Learn how to use Webstudio's advanced visual builder to create a Hygraph frontend without writing code, including a blog overview page, a blog page, and a sitemap.

By the end of this tutorial, you will have the following using your Hygraph data and Webstudio:

  • An overview page โ€“ One page that contains all the records in the Hygraph blog model, each with a link to view that record on a details page (a dynamic page).

  • A details page โ€“ A template displaying the blog data matching the blog URL viewed. If the user is on /blog/mouse, the Dynamic Page will fetch Hygraph for a record whose slug equals "mouse" and display its contents.

  • A sitemap โ€“ A dynamic sitemap containing the various records in Hygraph.

Video tutorial

This video contains a step-by-step walkthrough on using Webstudio and Hygraph together.

Full video walkthrough

Webstudio is a visual builder that connects to Hygraph

Webstudio is solely focused on creating a visual builder for the frontend. It's backend agnostic, meaning we don't lock you into using any one backend/CMS/database.

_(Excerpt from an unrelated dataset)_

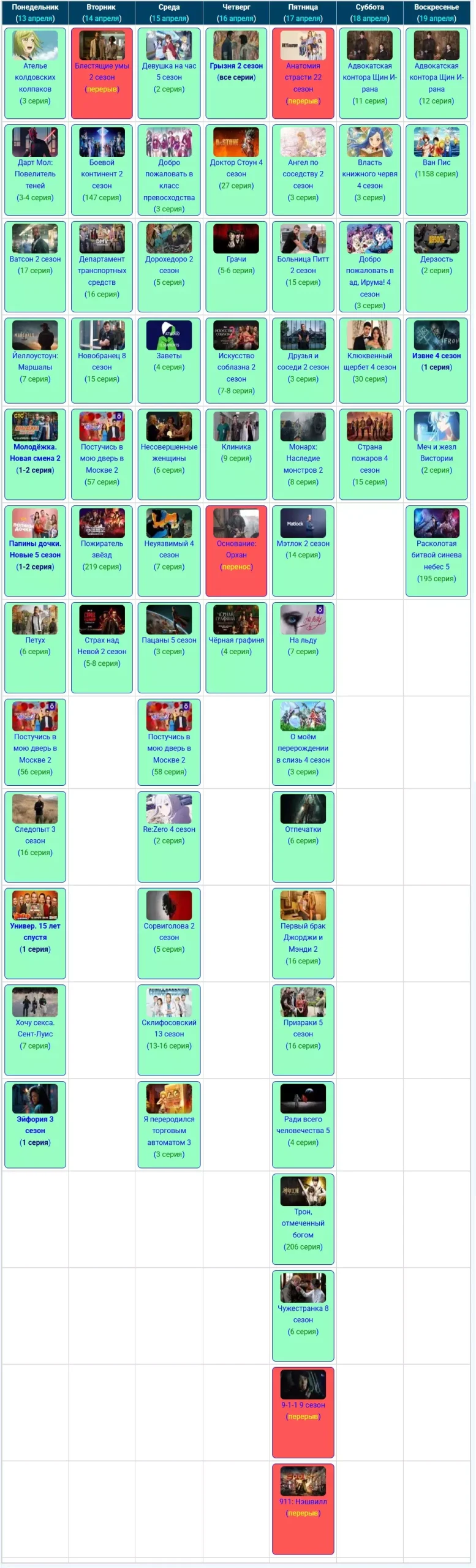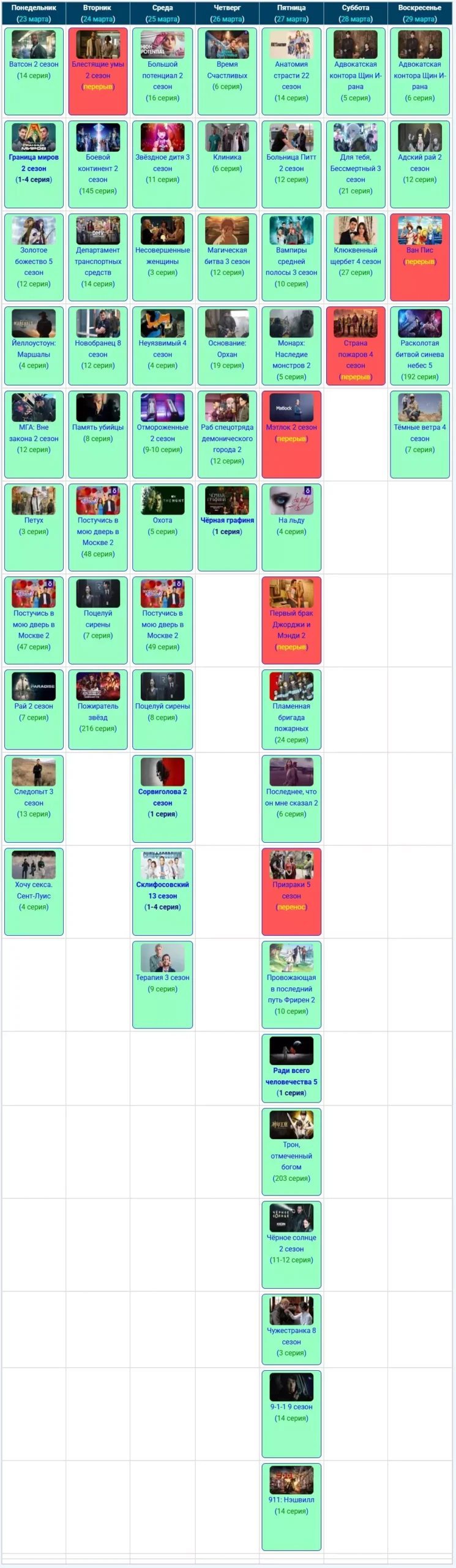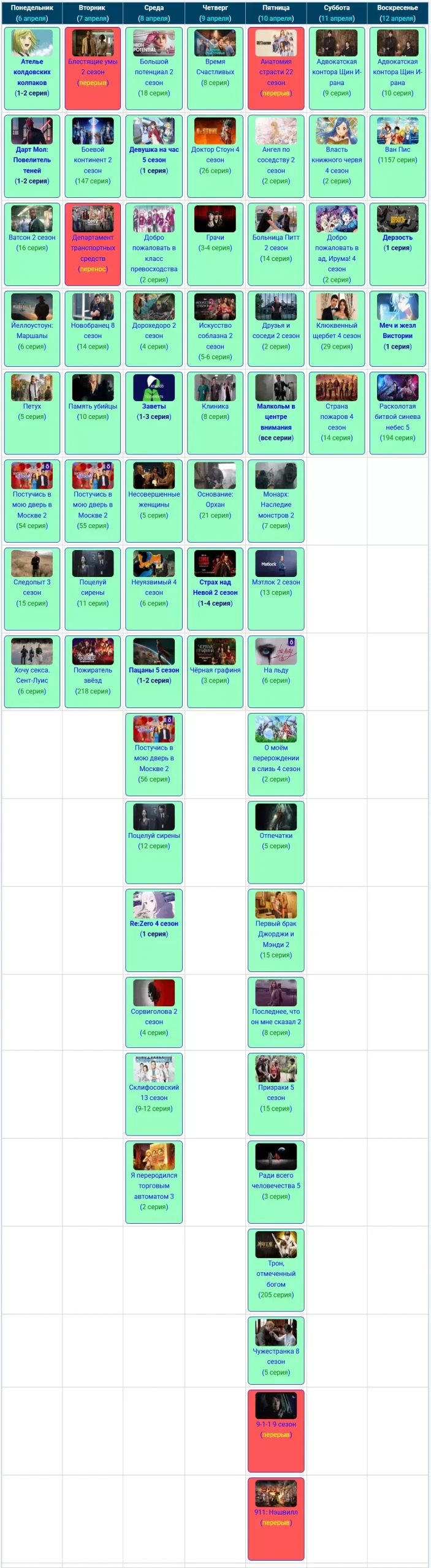Если вы относитесь к тем людям, которые любят полистать старые телепрограммы и вспомнить что выходило на прошлой неделе, тогда вы попали по нужному адресу, тут мы храним архивные скриншоты из графика расписания серий за предыдущие недели или даже месяцы, начиная с июня 2025 года.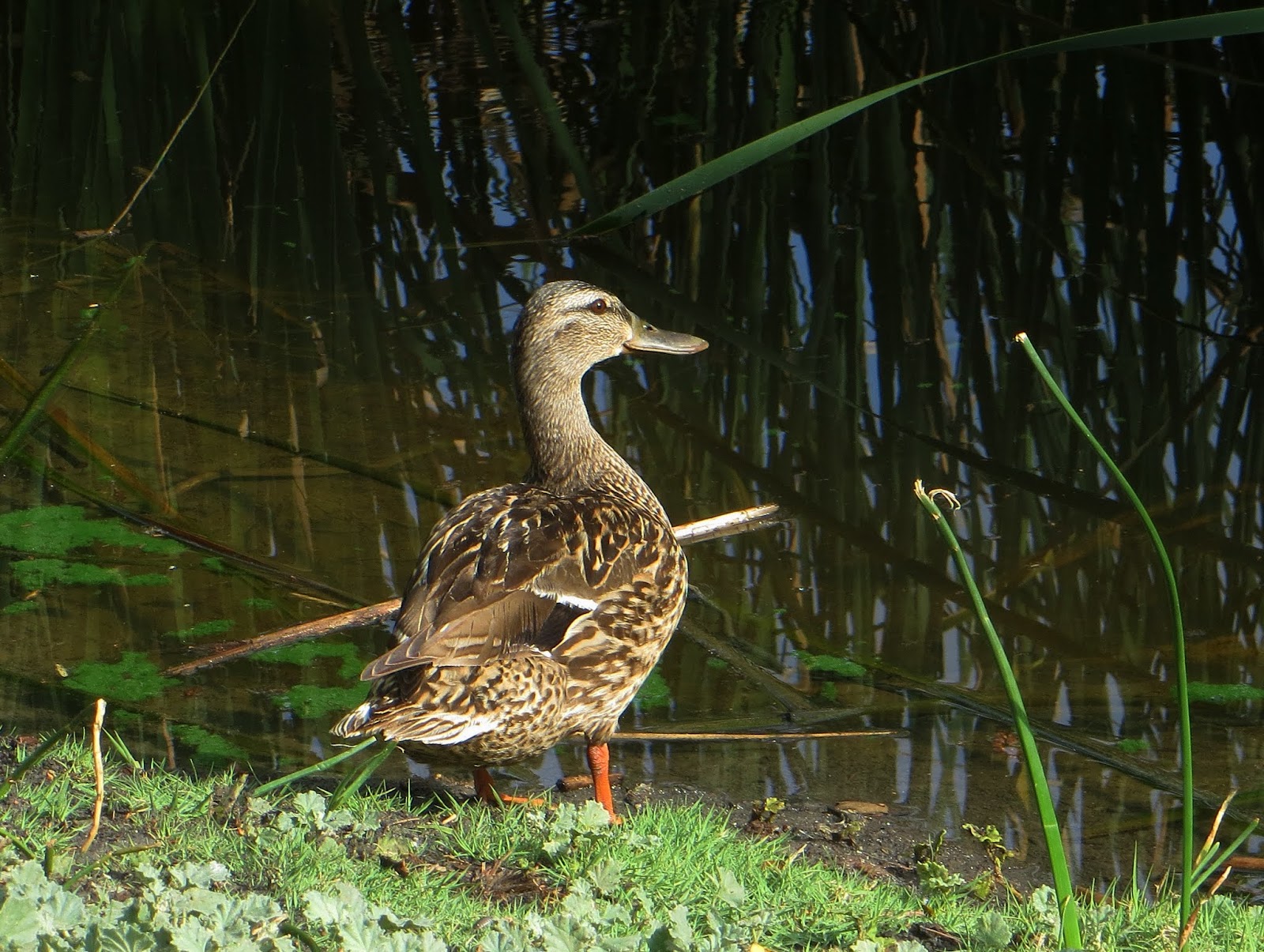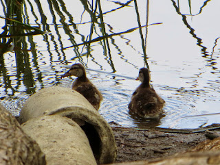 We also saw Mallard ducklings. They were slightly older, though still very fluffy. They were bathing in the water. There were quite a few Mallards looking for handouts, drinking, bathing, and sleeping on the grass. Below are two photos. the first is of the two ducklings, and the second is a female Mallard (not the mother).

In the case of Hygraph, this enables you to leverage your current data without having to custom code a frontend.

Webstudio is open source, has all CSS properties, and is dynamic at the speed of static.

Pagination

The demo did not show how to paginate your Hygraph content, so this section will show you.

First, start by going to the Marketplace > Hygraph > and insert the Posts page.

The Posts page contains:

  • A query ready for pagination

  • A Posts Per Page variable on the body that lets you define how many posts should display

  • Accessibility and SEO-friendly pagination that will display if the amount of posts in Hygraph exceeds the Posts Per Page number

  • Bindings with logic to calculate the offset and conditions to hide prev/next links if at the beginning or end

The method of pagination will use prev/next links with offset values, i.e., skipping a specified number of items to move to the next set of results.

Offset is used over cursors (another pagination method) because offsets provide a single URL per page, such as ?page=4, whereas cursor provides two URLs per page, such as ?after=abc and ?before=ghi, which is not good for SEO.

Converting your existing query

If you have an existing query, it will need to be modified if it uses <yourModel>, such as posts, and not <yourModelConnection>, such as postsConnection.

If your query looks like this:

query Posts {
	...
  posts {
    title
    slug
    ...
  }
}

It will now look like this:

query Posts($first: Int, $skip: Int = 0) {
  postsConnection(
    first: $first
    skip: $skip
    orderBy: publishedAt_DESC
  ) {
    pageInfo {
      hasNextPage
      hasPreviousPage
    }
    edges {
      node {
        title
        slug
        ...
      }
    }
  }
}

The contents of edges.node in the second query are exactly the same as the contents of posts from the first query. Therefore, you can copy the contents of posts and paste them into edges.node.

The rest of the second query provides context about whether there are previous or next pages and introduces filters to offset/skip results based on the current page.

If you already setup a page using posts, you will need to rebind the values on your page because the Resource response will be different. For example, Post Item.node.title instead of Post Item.title.